— News —
Harris Suggests Top Black Academic Behind Florida’s Curriculum Is Lying About African American History
Vice President Kamala Harris suggested in an interview on Monday that a top black academic behind Florida’s African American history curriculum was lying about that history.
The segment came after Dr. William Allen, former chairman of the U.S. Commission on Civil Rights and Florida’s African American History Standards Workgroup member, slammed Harris last week over her “lies” about the curriculum after she seized on one sentence from the 216-page outline to make her false claims.
ABC News reporter Linsey Davis gave a favorable framing of Allen’s remarks, saying that he only suggested Harris’ position was “ideological posturing.”
“What’s your response to that?” Davis asked.
Harris responded by suggesting that Allen was not telling the truth.
“Well, I think that this is just a matter of whether one chooses to speak fact and truth or not and it’s pretty much that simple,” Harris said. “I don’t think that this is subject to any ideological debate to say that people who were enslaved did not benefit from slavery, period.”

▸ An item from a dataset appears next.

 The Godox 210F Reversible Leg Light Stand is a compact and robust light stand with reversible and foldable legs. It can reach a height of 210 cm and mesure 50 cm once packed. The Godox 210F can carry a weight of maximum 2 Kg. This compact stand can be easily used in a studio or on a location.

“And I’ll say this also because it almost seems ridiculous to have to say what I just said, that enslaved people do not benefit from slavery,” she continued. “There are so-called leaders, extremists, who are attempting to require in our nation an unnecessary debate with the intention, I believe, to try and divide us as Americans. Stop. Stop.”
WATCH:
EXCLUSIVE: VP Harris on controversial Black history standards approved by Florida's board of education: “I don't think that this is subject to any ideological debate to say that people who were enslaved did not benefit from slavery, period."

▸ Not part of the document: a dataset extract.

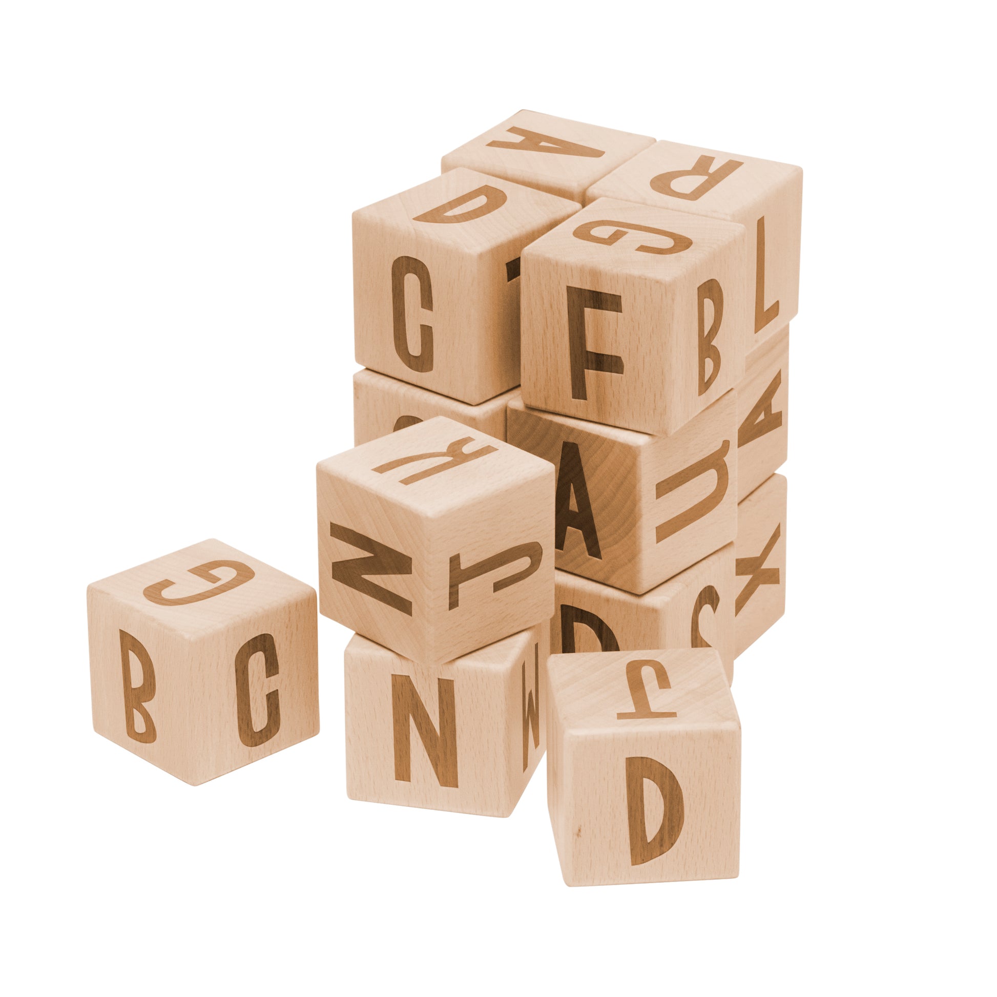 Det er 16 klosser i pakken, med det engelske alfabetet + spesialtegn som Æ,Ø,Å.

Watch TONIGHT on @ABCNewsLive Prime. pic.twitter.com/U7TnWE2Izp
— ABC News Live (@ABCNewsLive) July 31, 2023
Allen responded to Harris’ claims by saying that it was “obviously part of a larger effort driven by an agenda.”
“The reason I call the vice president’s statements categorically false is because it is obvious to anyone of basic literacy that the mere grammar of the sentence in the curriculum standards to which she referred refutes her charge,” he told Fox News.